BRIEF DESCRIPTION OF THE DRAWINGS
[0008] In the Figures, like reference numerals refer to like parts
throughout the various views unless otherwise indicated. For
reference numerals with letter character designations such as
"102A" or "102B", the letter character designations may
differentiate two like parts or elements present in the same
Figure. Letter character designations for reference numerals may be
omitted when it is intended that a reference numeral to encompass
all parts having the same reference numeral in all Figures.
[0009] FIG. 1 is a block diagram of an embodiment of a system for
providing client-filtered cache invalidation.
[0010] FIG. 2 is a block diagram illustrating an exemplary
implementation of the client-filtered cache invalidation component
in a multi-level cache.
[0011] FIG. 3 is a flowchart illustrating the architecture,
operation, and/or functionality of an embodiment of the
client-filtered cache invalidation component in the system of FIG.
1.
[0012] FIG. 4 is a block diagram of an embodiment of a data
structure for managing the data valid/invalid states of a cache
entry for a plurality of cache clients.
[0013] FIG. 5 is an embodiment of a cache entry structure for
providing client-filtered cache invalidation.

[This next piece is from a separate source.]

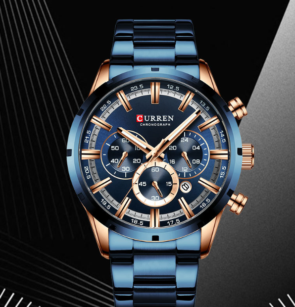 O relógio CURREN multifuncional foi projetado para homens que valorizam sofisticação sem abrir mão da praticidade. Com visual esportivo e acabamento refinado, ele combina com qualquer ocasião — do casual ao elegante.

[0014] FIG. 6 illustrates another embodiment of a cache entry
structure during an exemplary sequence of cache operations.
[0015] FIG. 7 is a block diagram of an embodiment of a portable
computer device for incorporating the system of FIG. 1.
DETAILED DESCRIPTION
[0016] The word "exemplary" is used herein to mean "serving as an
example, instance, or illustration." Any aspect described herein as
"exemplary" is not necessarily to be construed as preferred or
advantageous over other aspects.
[0017] In this description, the term "application" may also include
files having executable content, such as: object code, scripts,
byte code, markup language files, and patches. In addition, an
"application" referred to herein, may also include files that are
not executable in nature, such as documents that may need to be
opened or other data files that need to be accessed.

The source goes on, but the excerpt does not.